Every industry has customers or clients, and having a service orientation means having a constant focus on the end user – from product development, to customer support, to hearing their concerns. Service-oriented managers will train their teams to focus on customers, which sometimes means reassessing team priorities.
Productivity and Time Management
Managers don’t just have to deal with project deadlines, but with stakeholder concerns, budgetary requirements and pressure from senior leadership. Another soft skill to possess is time management, which will help keep teams on track and be more efficient.
Managers must be able to lead their teams through change by not only managing operational shifts, but by addressing employee fears or concerns. They must also know how to communicate well during times of change in order to keep up morale and maintain confidence.
A manager who rigidly adheres to plans is going to cause friction within the team. But one who is nimble and flexible, who can easily leave plans behind and move to new options, all while getting the team on board to do so, will be a valuable asset to the organization.
All managers have the option to be leaders. Leadership requires the ability to inspire others, communicate and motivate, gain trust, and have others look to you for vision and guidance. Leadership skills are especially important as businesses assess who they want to promote.

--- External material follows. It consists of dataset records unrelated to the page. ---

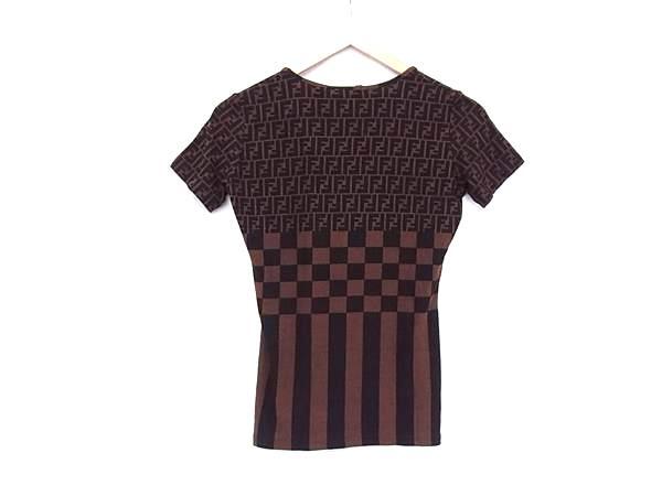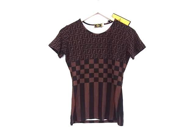 1円 ■新品同様■ FENDI フェンディ ズッカ柄 ペカン柄 レーヨン×ポリウレタン Tシャツ トップス サイズ 44 洋服 ブラウン系 FQ2388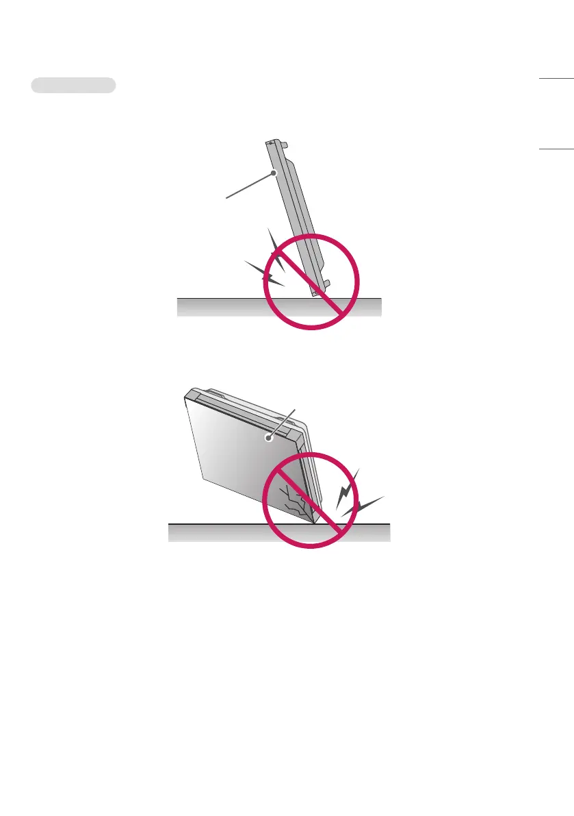 1 If the product is tilted onto the bezel, the bottom of the panel may be damaged.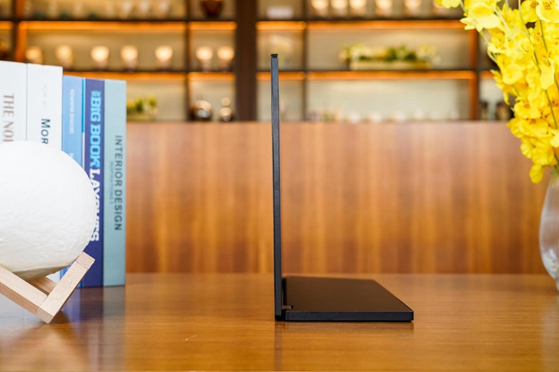 飞利浦 16B1P3320便携屏十分轻薄,显示屏带底座的重量仅1.03kg,不到两瓶矿泉水的重量,拿在手上也不会有坠手感,屏幕最薄处仅6mm,和OLED显示器相比也毫不逊色。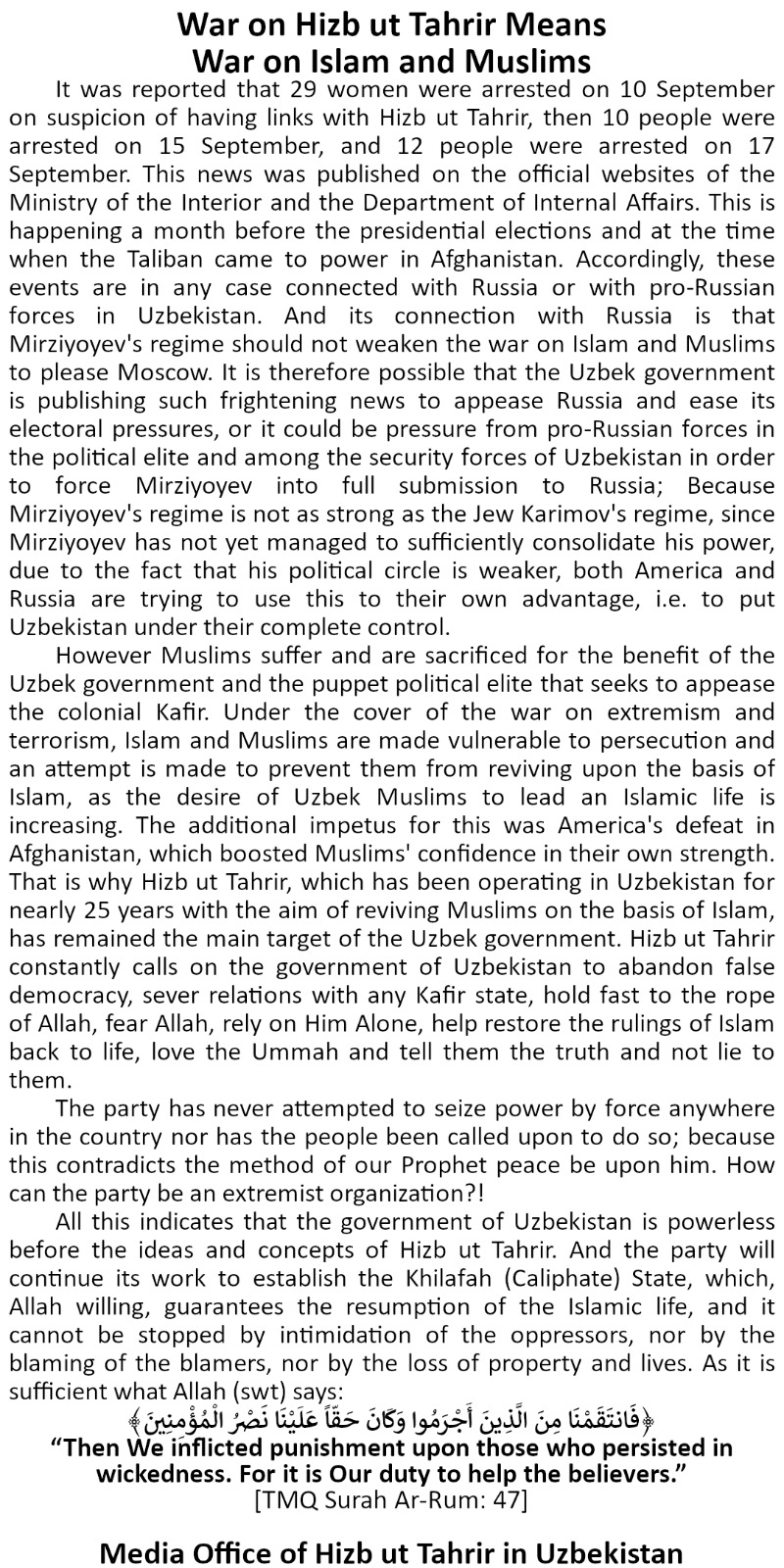 HIZB PERSECUTION IN UZBEKISTAN

Soft Skills Can Be Learned
While they seem less concrete and quantifiable, soft skills can be learned with proper training.
First, start by evaluating recruits in the hiring pipeline to see which soft skills they already possess, and begin hiring more people who have them. For current employees, evaluate which soft skills they may already demonstrate and offer training to strengthen them. While soft skills aren’t as straightforward as learning a new software program and taking a test, for example, employees who are open to growth can learn and practice within the safety of their teams or with their managers. Having an employee training program that offers courses in soft skills is key, as well.
As businesses are reassessing how to get through 2020’s economic changes, and as employees look to pursue new job opportunities, we’re certain to see each one focus more on soft skills in order to stay competitive and ensure long-term growth.